§ **What the task requires**: Please quote exactly the lines below from the line containing "Empfangsgebäude Bahnhof Issum, südliche" to the line containing "शिव डॉरेवेलस एवं प्रापटी डिलिंग", both lines included, and nothing else.

── Material provided

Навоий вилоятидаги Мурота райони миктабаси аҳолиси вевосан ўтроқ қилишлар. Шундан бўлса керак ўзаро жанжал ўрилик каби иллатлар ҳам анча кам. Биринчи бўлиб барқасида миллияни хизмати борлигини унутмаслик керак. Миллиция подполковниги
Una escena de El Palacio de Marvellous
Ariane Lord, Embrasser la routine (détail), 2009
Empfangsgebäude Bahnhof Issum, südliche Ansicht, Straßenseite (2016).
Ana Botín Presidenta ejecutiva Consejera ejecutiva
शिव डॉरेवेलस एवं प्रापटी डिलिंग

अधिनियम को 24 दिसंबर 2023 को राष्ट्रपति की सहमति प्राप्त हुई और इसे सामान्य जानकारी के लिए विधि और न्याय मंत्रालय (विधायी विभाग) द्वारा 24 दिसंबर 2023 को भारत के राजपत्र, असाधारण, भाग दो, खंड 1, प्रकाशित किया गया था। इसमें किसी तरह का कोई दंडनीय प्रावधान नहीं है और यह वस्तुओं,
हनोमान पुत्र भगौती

────
── Material provided

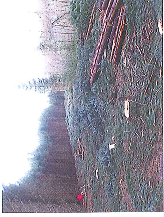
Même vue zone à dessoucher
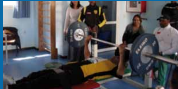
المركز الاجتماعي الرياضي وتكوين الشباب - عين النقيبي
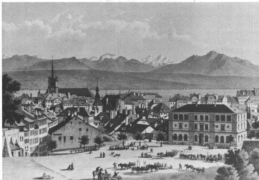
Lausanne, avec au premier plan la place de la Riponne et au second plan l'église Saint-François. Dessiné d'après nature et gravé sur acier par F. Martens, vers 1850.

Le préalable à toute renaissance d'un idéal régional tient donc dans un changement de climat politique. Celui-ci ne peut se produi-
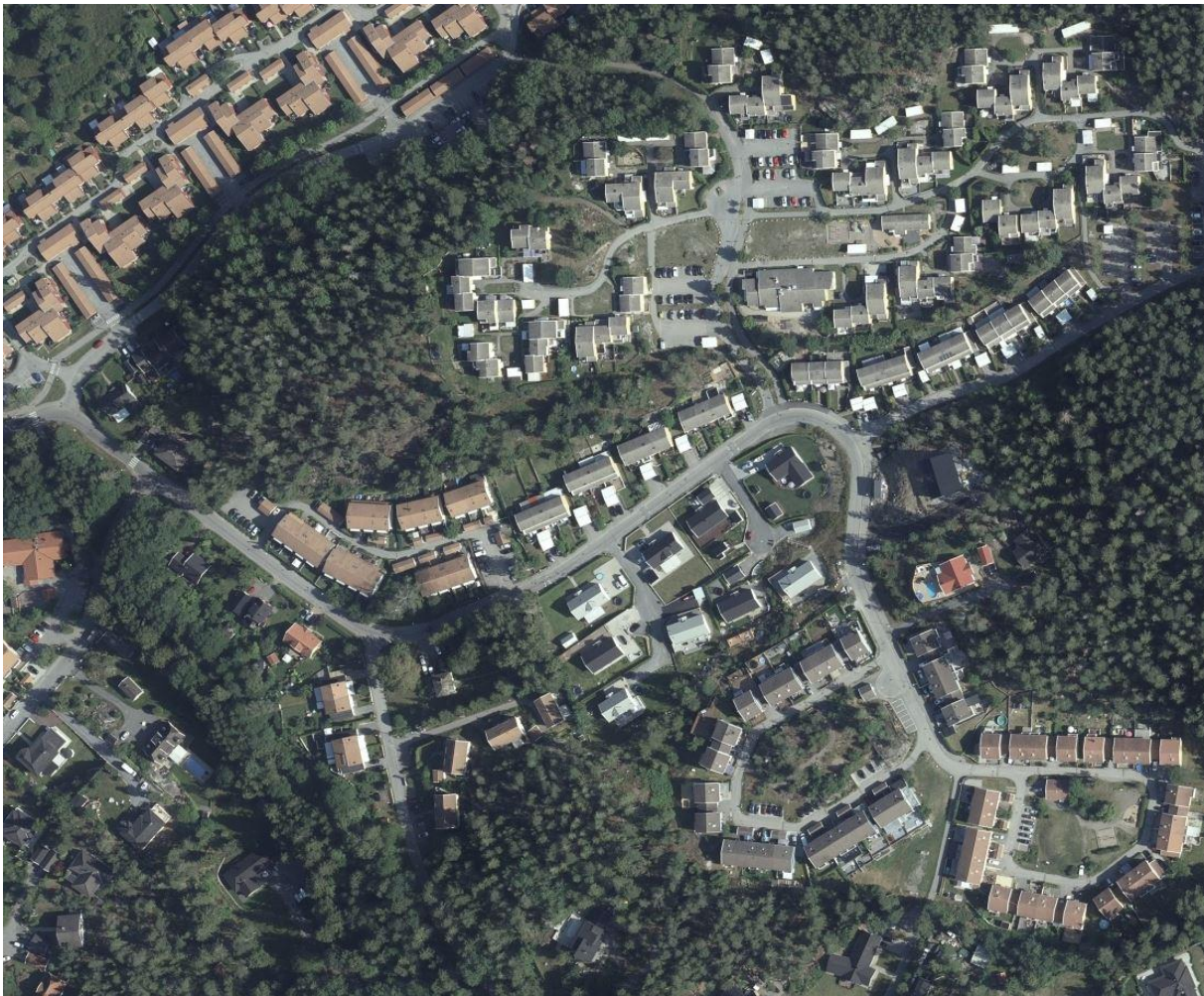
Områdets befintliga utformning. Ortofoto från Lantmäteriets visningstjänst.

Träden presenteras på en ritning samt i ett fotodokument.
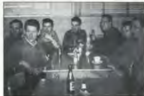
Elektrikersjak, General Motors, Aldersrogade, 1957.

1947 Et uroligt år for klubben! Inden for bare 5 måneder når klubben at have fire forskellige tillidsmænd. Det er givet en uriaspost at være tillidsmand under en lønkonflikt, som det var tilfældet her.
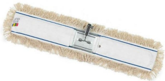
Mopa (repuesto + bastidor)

────
── Material provided

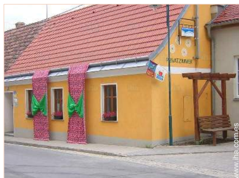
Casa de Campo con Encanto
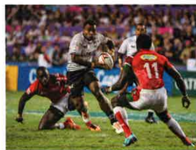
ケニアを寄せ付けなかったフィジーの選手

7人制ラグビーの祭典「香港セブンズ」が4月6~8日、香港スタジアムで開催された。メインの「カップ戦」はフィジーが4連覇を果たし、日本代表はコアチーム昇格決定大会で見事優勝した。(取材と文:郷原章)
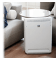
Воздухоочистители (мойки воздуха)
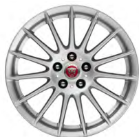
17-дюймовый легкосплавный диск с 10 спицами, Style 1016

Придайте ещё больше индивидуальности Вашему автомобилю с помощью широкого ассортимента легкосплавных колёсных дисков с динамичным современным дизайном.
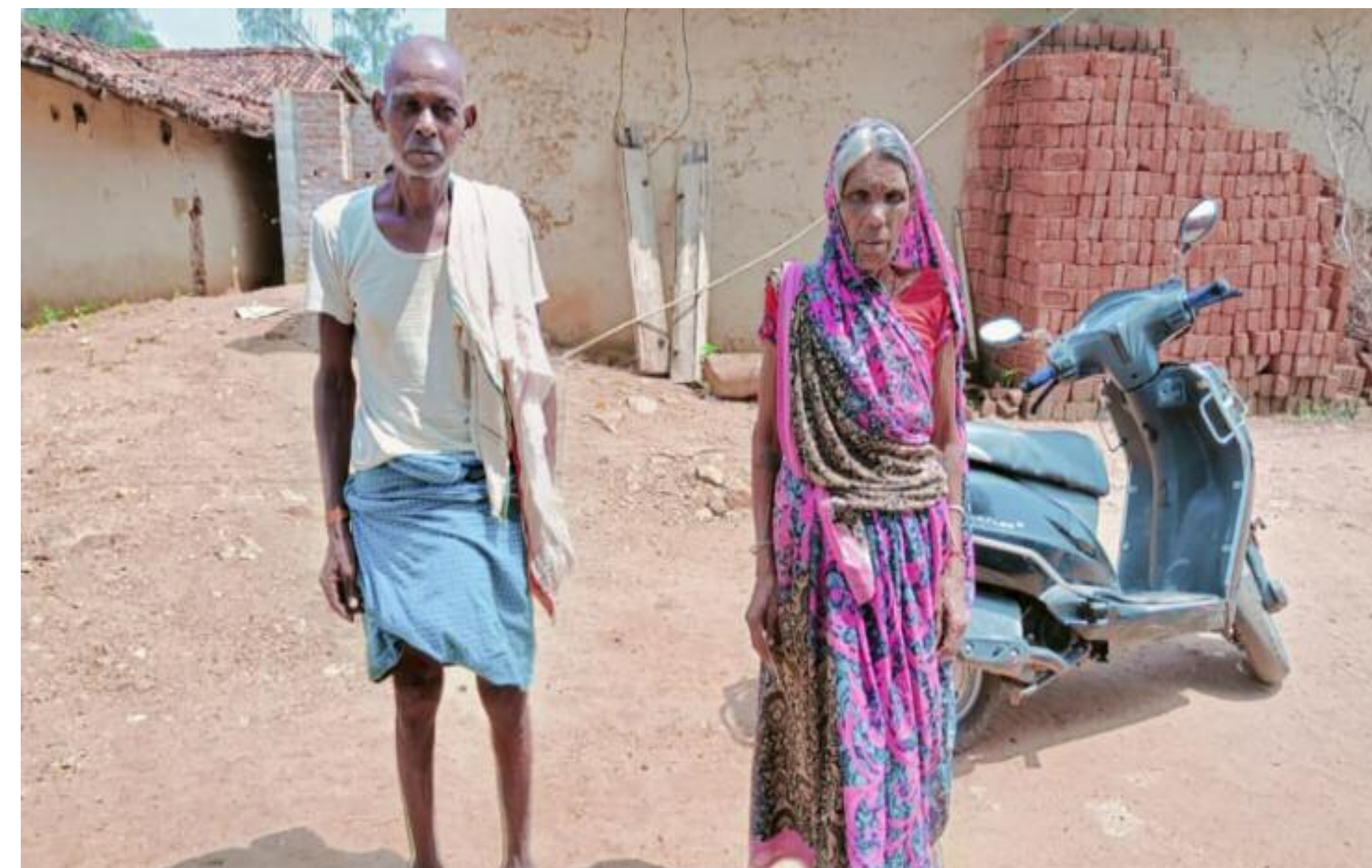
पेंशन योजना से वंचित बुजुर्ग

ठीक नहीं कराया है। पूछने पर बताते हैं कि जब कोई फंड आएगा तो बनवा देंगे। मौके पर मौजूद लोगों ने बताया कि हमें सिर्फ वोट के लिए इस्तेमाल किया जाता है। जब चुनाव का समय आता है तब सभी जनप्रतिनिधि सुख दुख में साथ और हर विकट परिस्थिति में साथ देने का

────

§ **Solution to the problem**:
Empfangsgebäude Bahnhof Issum, südliche Ansicht, Straßenseite (2016).
Ana Botín Presidenta ejecutiva Consejera ejecutiva
शिव डॉरेवेलस एवं प्रापटी डिलिंग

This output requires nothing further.